Go line by line through the entries below and copy those containing the string "your".

Top of MATERIAL FOR THIS TASK

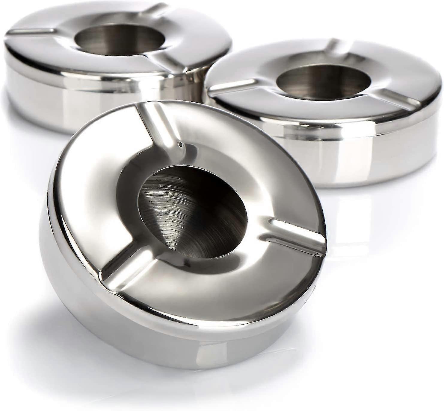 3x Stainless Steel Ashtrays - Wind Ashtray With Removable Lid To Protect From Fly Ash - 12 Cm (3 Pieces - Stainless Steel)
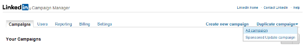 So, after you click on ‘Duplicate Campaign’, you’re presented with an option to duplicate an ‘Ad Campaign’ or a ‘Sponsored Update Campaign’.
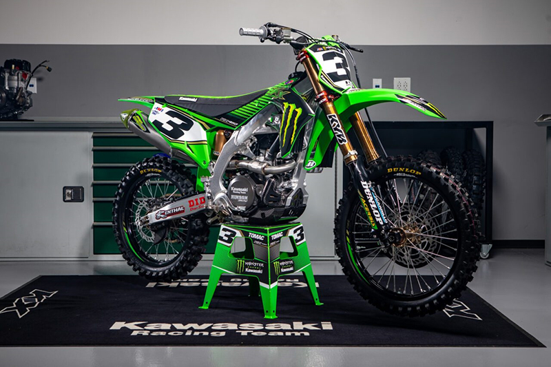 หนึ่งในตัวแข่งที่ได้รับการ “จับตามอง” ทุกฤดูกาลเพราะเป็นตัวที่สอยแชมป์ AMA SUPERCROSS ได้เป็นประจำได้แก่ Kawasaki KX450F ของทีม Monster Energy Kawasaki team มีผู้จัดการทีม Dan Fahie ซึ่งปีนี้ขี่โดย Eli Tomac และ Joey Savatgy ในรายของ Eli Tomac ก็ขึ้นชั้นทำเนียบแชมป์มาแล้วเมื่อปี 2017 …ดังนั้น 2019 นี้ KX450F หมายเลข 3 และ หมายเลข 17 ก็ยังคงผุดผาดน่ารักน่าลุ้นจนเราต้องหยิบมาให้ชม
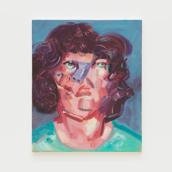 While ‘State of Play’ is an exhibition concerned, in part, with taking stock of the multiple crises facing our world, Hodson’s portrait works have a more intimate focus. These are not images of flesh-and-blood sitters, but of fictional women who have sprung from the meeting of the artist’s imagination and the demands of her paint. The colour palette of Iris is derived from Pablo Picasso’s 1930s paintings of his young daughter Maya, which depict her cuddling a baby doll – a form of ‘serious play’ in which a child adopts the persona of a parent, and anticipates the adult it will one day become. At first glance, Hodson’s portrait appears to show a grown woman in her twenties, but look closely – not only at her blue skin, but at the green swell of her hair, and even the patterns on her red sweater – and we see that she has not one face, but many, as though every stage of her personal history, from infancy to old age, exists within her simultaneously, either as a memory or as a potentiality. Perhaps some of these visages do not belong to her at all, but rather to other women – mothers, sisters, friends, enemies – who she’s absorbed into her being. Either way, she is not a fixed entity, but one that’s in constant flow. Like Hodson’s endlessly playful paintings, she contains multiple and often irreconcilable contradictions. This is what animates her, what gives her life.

Bottom of MATERIAL FOR THIS TASK
Top of MATERIAL FOR THIS TASK

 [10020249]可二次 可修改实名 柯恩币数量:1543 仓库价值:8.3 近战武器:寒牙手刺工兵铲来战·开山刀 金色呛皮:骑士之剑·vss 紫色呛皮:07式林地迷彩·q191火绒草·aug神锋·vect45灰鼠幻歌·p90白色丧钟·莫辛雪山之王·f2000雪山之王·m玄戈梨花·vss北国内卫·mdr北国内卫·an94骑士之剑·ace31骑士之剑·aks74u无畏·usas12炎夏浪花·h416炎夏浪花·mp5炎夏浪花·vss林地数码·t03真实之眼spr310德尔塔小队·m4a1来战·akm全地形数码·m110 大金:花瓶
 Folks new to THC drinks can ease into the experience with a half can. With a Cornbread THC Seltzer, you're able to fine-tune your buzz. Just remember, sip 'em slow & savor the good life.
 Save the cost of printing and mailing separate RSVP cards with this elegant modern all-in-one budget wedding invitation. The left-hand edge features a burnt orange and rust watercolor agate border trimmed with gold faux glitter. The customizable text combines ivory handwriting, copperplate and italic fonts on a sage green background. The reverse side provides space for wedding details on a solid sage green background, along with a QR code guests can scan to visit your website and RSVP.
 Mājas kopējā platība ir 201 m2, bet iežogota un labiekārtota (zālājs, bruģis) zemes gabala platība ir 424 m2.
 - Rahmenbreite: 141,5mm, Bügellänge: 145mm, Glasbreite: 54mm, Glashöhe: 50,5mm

Bottom of MATERIAL FOR THIS TASK

=== TASK ANSWER ===
 Folks new to THC drinks can ease into the experience with a half can. With a Cornbread THC Seltzer, you're able to fine-tune your buzz. Just remember, sip 'em slow & savor the good life.
 Save the cost of printing and mailing separate RSVP cards with this elegant modern all-in-one budget wedding invitation. The left-hand edge features a burnt orange and rust watercolor agate border trimmed with gold faux glitter. The customizable text combines ivory handwriting, copperplate and italic fonts on a sage green background. The reverse side provides space for wedding details on a solid sage green background, along with a QR code guests can scan to visit your website and RSVP.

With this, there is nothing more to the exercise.